На узкой женской ладони — порванная цепь, два перстня, мятый ворох разномастных купюр. Узкая рука девочки выглядит красиво и даже изящно: как-то беззащитно и нежно кажется она на пустыре. Девочка очень по-детски сдувает растрепавшуюся на бегу прядь светлых волос. В серо-голубых глазах радость и счастье. А. сгребает трофеи, и они выходят во двор. Движения неспешны и неторопливы; А. привлекает ее к себе и целует, после чего они занимают скамейку во дворе. Она у него на коленях, и пара выглядит столь увлеченной собой, что даже бабки во дворе улыбаются от такой картины.
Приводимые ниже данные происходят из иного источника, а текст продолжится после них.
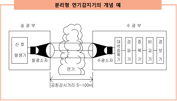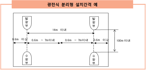 1. 광전식 분리형 감지기는 주위의 공기가 일정 농도 이상의 연기가 찿을때 작동하는 것으로 광범위 하게 연기가 누적되어감에 따라 광전소자의 수광량의 변화에 따라 작동하게 된다. 발광소자와 수광소자가 거리를 두고 떨어져 있는 것과 발광소자와 수광소자가 함께 있고 반대편 위치에 특수 거울을 이용하여 광이 수광 소자로 되돌아와 작동하는 것이 있다.감지기의 수광면을 직사광이 있는 장소에 설치하면 화재로 인한 연기가 발생하여도 감지기가 정상적인 상태로 착각하는 현상이 나타나 화재를 유효하게 감지하지 못한다. 그러므로 수광부는 햇볕이 직접 비쳐지는 곳을 피하여 설치하여야 한다. 광전식분리형 감지기는 송광부와 수광부가 서로 분리되어 마주보게 설치한 후 송광부와 수광부사이에 연기가 체류하였을 때 작동하는 것과 송광부와 수광부를 일체형으로 설치하고 마주보는 반대편에는 거울형태의 반사판을 설치하여 송광부에서 송출한 적외선이 반사판에 맞아 되돌아오는 것을 이용하는 두가지 방식이 주로 사용되고 있다. 2. 송광부와 수광부사이에 방출되는 적외선 방출빔은 벽면에서 일정부분 이격시켜야 준공 후에 벽면에 부착되는 기구물로 인하여 광축이 장애를 받지않게 된다. 3. 광전식분리형감지기의 송광부와 수광부를 뒷벽으로부터 너무 멀리 이격시키면 송광부와 수광부 뒷부분에 대한 연기를 감지할 수가 없으므로 최대한 뒷벽에 가깝게 설치해야 한다.
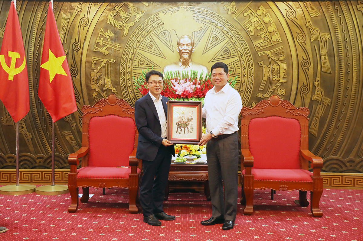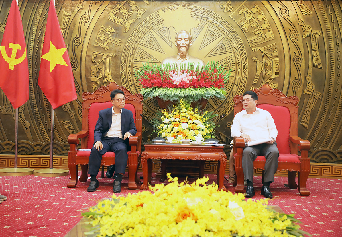 Bí thư Tỉnh ủy Nguyễn Hồng Thái cảm ơn ông Kim Sung Hun cùng đoàn công tác đã tới thăm, làm việc tại tỉnh.

А. смотрит в ее глаза и видит сквозь поволоку безумия отражение солнца в них. день и правда чудесный. Они хорошо смотрятся: физически развитый парень в белоснежных кроссовках, белых джинсах и темной спортивной олимпийке, и миниатюрная блондинка с телосложением гимнастки: в красной курточке, синих джинсах со школьным рюкзачком. На молнии — смешной полосатый плюшевый котенок с умильной мордочкой.
Улыбаясь друг другу, они идут вдоль улицы. А. покупает ей цветы. Мимо едет машина «Скорой помощи», а им нет до этого дела. Есть только он, она, окровавленные инструменты, и около восьмидесяти тысяч рублей разными купюрами у нее в рюкзаке вперемешку с золотыми украшениями.
В голове А. словно невидимый секундомер: с момента акции прошло около получаса. Если все нормально, то остальные уже должны быть где-то в центре. Каждый знает примерный маршрут и свой вид транспорта, а значит гулять им еще около часа. Потом А. заберет деньги и отправится в дендрарий, а девочка — на маршрутке домой, к папе и маме. Железки будут отмыты и брошены под кровать, а перчатки — выкинуты на помойку во дворе.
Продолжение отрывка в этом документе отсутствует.